The Harris Lab has discovered that the geometry of the fruit fly embryo creates a crystal-like tissue structure. This revelation was published in the prestigious journal Development as “Confinement promotes nematic alignment of spindle-shaped cells during Drosophila embryogenesis“.
Professor Tony Harris’ laboratory studies the development of the Drosophila embryo to understand how cells become arranged before they become the organs in the body. As the embryo develops, a slab of cells called the germband folds over another group of cells called the amnioserosa.

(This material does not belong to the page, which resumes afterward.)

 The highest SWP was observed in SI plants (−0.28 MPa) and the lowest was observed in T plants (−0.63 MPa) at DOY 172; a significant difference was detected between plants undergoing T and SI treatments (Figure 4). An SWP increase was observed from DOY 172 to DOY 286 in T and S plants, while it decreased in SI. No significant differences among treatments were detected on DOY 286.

Their research resolves a number of questions. Is the amnioserosa being held gently like you would hold a butterfly in your hand or squeezed like a stress ball? How is the amnisoerosa affected by its handling? What are the cellular structures that are involved?
Tirthankar Ray, PhD student in the Harris lab, studied whether these cells are under compression by cutting them with a laser. In the amnioserosa, the cells collapsed toward the cut site, indicating that the amnioserosa is under pressure from the germband like a stress ball.

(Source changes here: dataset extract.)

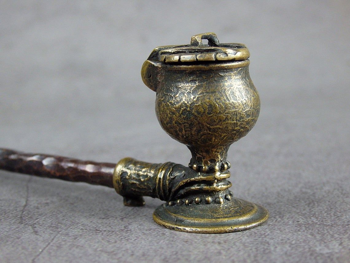 Handmade smoking pipe with lid. The mouthpiece is made of copper, it is screwed on, can have a length (from 3 to 30 cm) and a shape at the request of the buyer. The pipe is working, not decorative, the model is tested by the master.

Ray, with the help of undergraduate researcher Damo Shi, went on to show that the germband pressure on the amnioserosa results in the cells becoming aligned as overlapping pointed cylinders, or spindles, like the crystals in a mineral.
Germband cell junctions are stabilized by actomyosin structures linked through the alpha-catenin protein. Ray determined that amnioserosa cells, by contrast, are kept in their spindle-like shapes by a scaffold within each cell composed of long microtubule strands.
Compared with germband cells, amnioserosa cells are less reliant on alpha-catenin to remain stably connected, and these cells interact with each other through a relatively unique type of cell-cell adhesion dependent on a protein called Baz/Par-3.
The alignment of many spindle-shaped cells is known as nematic ordering, a physical effect seen with rod-shaped objects from logs in rivers to liquid crystals. Reconstituted cytoskeletal networks and cultured cells were known to exhibit this behaviour, but Ray’s results show the relevance of nematic ordering to the development of animal embryos.
This study contributes a new element to embryo development by showing how organizational effects within a tissue can generate an array of spindle-shaped cells, and how these effects are combined with the physical influence of a tissue-tissue interaction that aligns the cellular array.